Native Americans remained unrepresented in the Senate until 1993, when Ben Campbell, a Colorado representative with Northern Cheyenne ancestry, won a seat in the Upper House. The situation in the House of Representatives has been marginally better, with 15 Native Americans having won seats since Curtis moved to the Senate in 1907. Notably, the last three have been women: Sharice Davids, a Kansas Democrat elected in 2019, the same year as New Mexico Democrat Deb Haaland, and Yvette Herrell, a Republican representing New Mexico’s second congressional district, who was voted in the most recent elections on the 3rd of November. Davids also made history by becoming the first LGBTQ+ Native American member of Congress. Her story, much like Harris’s, give us a reason to be hopeful that the tide might be slowly shifting towards political representation that better reflects the diversity at the core of the United States’ fabric.

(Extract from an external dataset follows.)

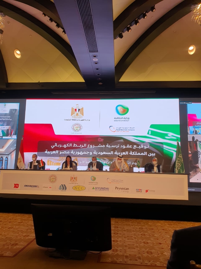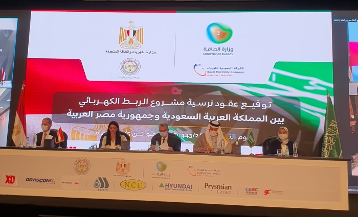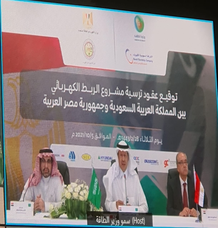 بحضور صاحب السمو الملكى الأمير عبدالعزيز بن سلمان وزير الطاقة ومعالى الدكتور محمد شاكر المرقبى وزير الكهرباء والطاقة المتجددة في جمهورية مصر العربية وقعت الشركة السعودية للكهرباء وشركة نقل الكهرباء المصرية عقود ترسية مشروع الربط الكهربائى بين المملكة العربية السعودية وجمهورية مصر العربية.

Harris’ election to the vice presidency, much like the continued success of “The Squad” – a Democratic group of progressive women of colour in Congress, composed of Alexandria Ocasio-Cortez, Ilhan Omar, Ayanna Pressley and Rashida Tlaib -–seem to indicate that the white male dominance of US politics is slowly being eroded. While their stories gain prominence, it’s also worth looking back at historical precedents, finding exceptions to white male rule: individuals who overcame near-impossible odds to make it to the upper echelons of power. Curtis is definitely among these outliers: a Native American who was proud of his heritage and became vice president. While his legacy is more mixed than might appear at first glance, there is still much to learn from his story, and his championing of women’s suffrage resonates with the increased political participation of women, and especially women of colour, that the US is currently experiencing.